S1 - Inability to Access SpaceIQ
Incident Report for SiQ
Postmortem

SiQ Detailed Root Cause Analysis – Severity 1 – November 3rd, 6th, & 7th 

Inability to Access the SpaceIQ Platform 

 

We are truly grateful for your continued support and loyalty. We value your feedback and appreciate your patience as we worked to resolve this incident. 

 

Description: 

On Friday, November 3, 2023, internal and external customers began to report the inability to access the SpaceIQ platform. When users try to login, they are presented with an error message, “Web server is down”.  

 

Type of Event: 

Severity 1 - Outage 

 

Services\Modules Impacted: 

Production  

 

Remediation: 

New node group with a higher distribution on on-demand instances was configured to increase the availability of the underlying infrastructure powering the application. Services were then restarted to correct the disruption. 

 

Timeline: 

On Friday, November 3, 2023, at approximately 12:18 EST an initial report from a customer mentioned their inability to access the SpaceIQ platform. When their users try to login, they are presented with an error message, “Web server is down”. After thorough investigation additional customers began to report and by 1:25pm EST all customers were notified of the Severity 1 disruption via status page. By 2 pm EST internal teams identified the root cause and began to research the fix for the disruption. 2:16pm EST the internal and external customers begin to report that they can access SpaceIQ. At approximately, 6:08pm EST no additional reports were made, and the status page was then updated from monitoring to a resolved phase.  

 

On Monday, November 6, 2023, at approximately 4:24pm EST, external customers began to report the same disruption from Friday and their inability to access the SpaceIQ platform.

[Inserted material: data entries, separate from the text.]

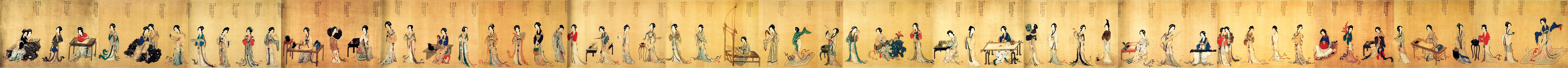 仇英(約1497-1552)字實父,號十洲,明四家之一,尤擅人物仕女,既工設色,又善白描,能運用多種筆法表現不同對象,「或圓轉流美,或勁麗豔爽」。其《千秋絕豔圖》原跡(一說藏中國歷史博物館,無款;一說日本早稻田大學藏有白描底本《佳婦人例圖》),在6米餘長卷中匯集自秦漢至明代歷代著名女性近70位——從西施、王昭君、趙飛燕、楊貴妃,到謝道韞、蘇小小、李清照、薛素素,可謂一部「形象的歷代才女譜」。
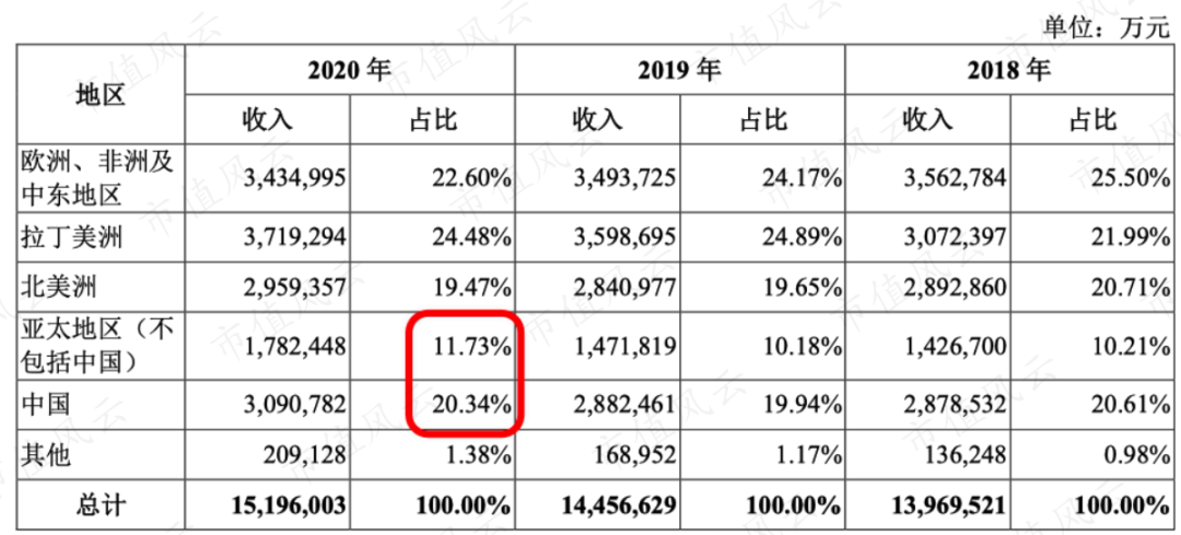 因此,销售网络也是全球布局、遍布100多个国家,其中亚太地区(假如包括进中国)销售最多,其次是拉丁美洲。
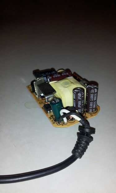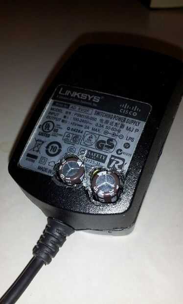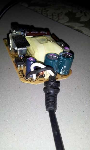 Corte el caso del adaptador de corriente defectuosos y me encontré que el problema fue causado por la plaga del condensador. Hace unos años había un lote entero de condensadores defectuosos que fueron utilizados en varios gadgets de electrónica, incluyendo TV, receptores de satélite, adaptadores de corriente etc.. Cuando estos condensadores fallan, ya que inevitablemente, el gadget deja de funcionar o exhibe un comportamiento extraño. Afortunadamente, es sobre todo una solución fácil. Identificar los que son malos (generalmente han hinchados tops), vuelva a los culpables con los casquillos nuevos del mismo valor. En mi adaptador de corriente, las tapas de 2 a la derecha (pintada de color rosa) son malas. Reemplacé con tapas nuevas de tener el mismo valor (680uF, 16V, 105C). Sólo cuestan unos pocos centavos. Tengo que desoldar los malos y luego soldar los nuevos. Como se puede ver, los nuevos que he comprado eran más altos, así que corte 2 orificios en la parte superior la mitad de la caja del adaptador para acomodarlos.
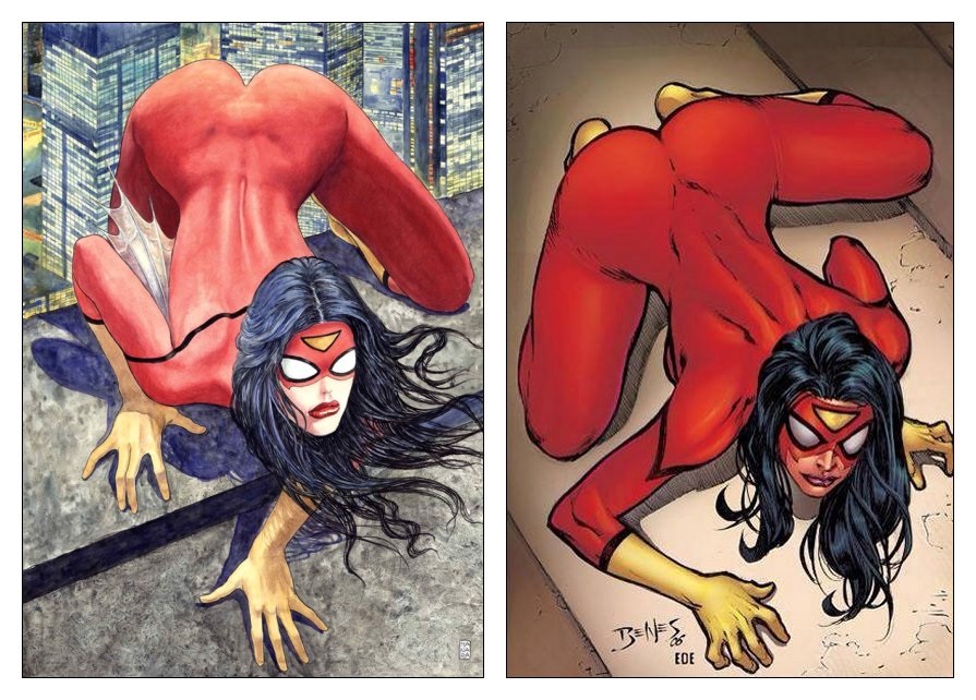 Il y a des tonnes de couvertures et de cases dans l'industrie des comics qui représentent des héroïnes dans des postures très sexualisées, de façon peu réaliste (et que je me cambre bien au milieu du combat.....), je ne vois pas en quoi celle-là est "pire" - si l'on met à part la réputation du dessinateur (mais c'est peut-être tout simplement de ça qu'il s'agit ?). Et pour le coup, la posture de Spider-Woman, penchée vers l'avant, fesses en l'air et jambes écartées, est une posture qu'on voit fréquemment prendre son homologue masculin. :siffle:
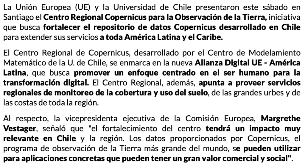 El Centro Regional de Copernicus, desarrollado por el Centro de Modelamiento Matemático de la U. de Chile, se enmarca en la nueva Alianza Digital UE – América Latina, que busca promover un enfoque centrado en el ser humano para la transformación digital. El Centro Regional, además, apunta a proveer servicios regionales de monitoreo de la cobertura y uso del suelo, de las grandes urbes y de las costas de toda la región.
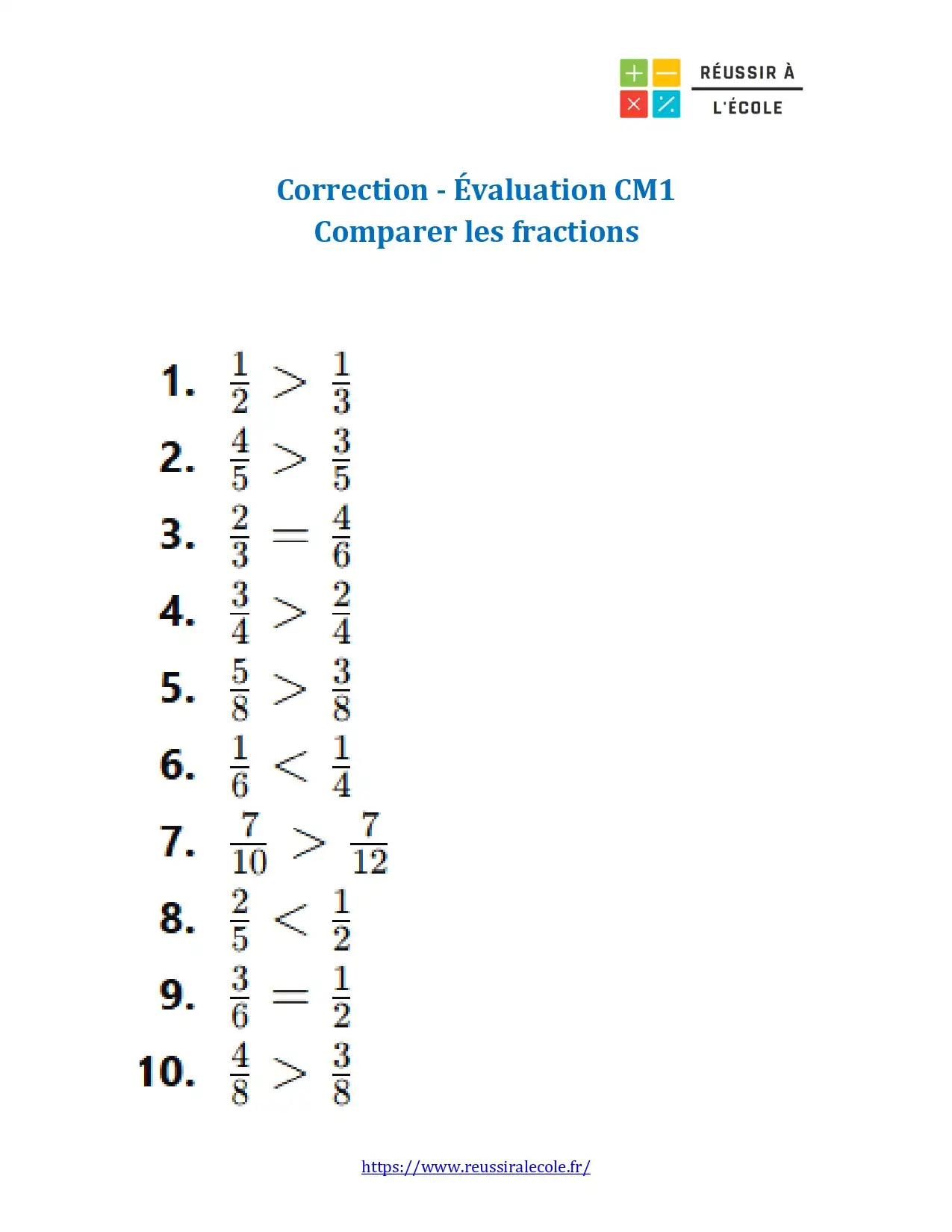 Cet exercice est très utile pour travailler la notion de grandeur. Les élèves comprennent que le numérateur et le dénominateur jouent chacun un rôle dans la comparaison. Grâce au corrigé fourni, ils peuvent vérifier leurs réponses et comprendre leurs éventuelles erreurs. Cette evaluation niveau CM1 sur la fraction permet un apprentissage progressif, rassurant et idéal pour les élèves qui commencent à manipuler des fractions plus complexes.
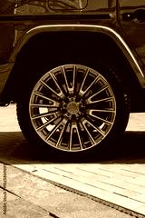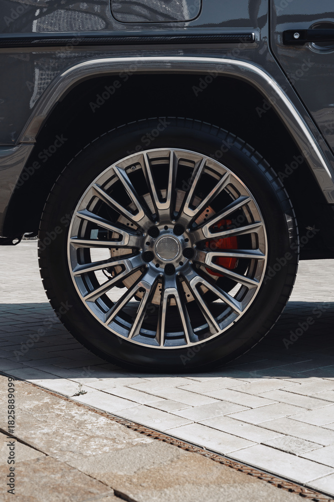 Close-up view of a luxury vehicle wheel on a modern pavement

All customers were notified of the Severity 1 disruption via status page at 4:52pm EST. At approximately 5:28pm EST, internal and external customers have began reporting the ability to access SpaceIQ again. The status page was updated from investigation to monitoring phase. After no additional reports and customers being able to confirm their ability to access the status page was marked as resolved at 8:44pm EST.  

 

On Tuesday, November 7, 2023, at approximately 9:39am EST an initial report to support mentioned the inability to access the SpaceIQ platform intermittently. Internal teams were notified and began investigating. 10:38pm EST internal users can access the platform, however at approximately 10:47pm EST additional customers began to report the intermittent disruption and all customers were made aware of the Severity 2 disruption via status page. Internal teams continue to investigate. At 5:30pm EST internal teams have identified and implemented the fix. Monitoring systems continued thru Wednesday, November 8, 2023. As customers confirmed the fix and no additional reports of disruptions were made, the status page was marked as resolved at 11:05am EST. 

 

Total Duration of Event: 

Friday, November 3, 2023 – 3 hours 24 minutes 

Monday, November 6, 2023 – 1 hour 4 minutes  

Tuesday, November 7, 2023 – 7 hours 53 minutes 

 

Root Cause Analysis: 

Our recent outage was caused by an underlying configuration issue with our cloud hosting provider. Our infrastructure was over-reliant on instances that could be unstable during scaling events. 

 

Preventative Action:  

We have allocated resources toward taking preventative action and our teams will continue to review internal processes and leverage appropriate resources to avoid this sort of disruption in the future.

Posted Nov 15, 2023 - 22:31 UTC

Resolved
This incident has been resolved.
Posted Nov 03, 2023 - 20:08 UTC
Identified
"The issue with SpaceIQ has been identified and a fix is being implemented. We are waiting on feedback from a 3rd party vendor

The next update will be posted in 2 hours per Eptura published guidelines https://eptura.com/terms/sla/
Posted Nov 03, 2023 - 18:16 UTC
Investigating
We are currently aware of an issue with SpaceIQ Our Engineering team is investigating to determine the cause of the disruption.

The next update will be posted in 2 hours per Eptura published guidelines https://eptura.com/terms/sla/
Posted Nov 03, 2023 - 17:59 UTC
This incident affected: System Status.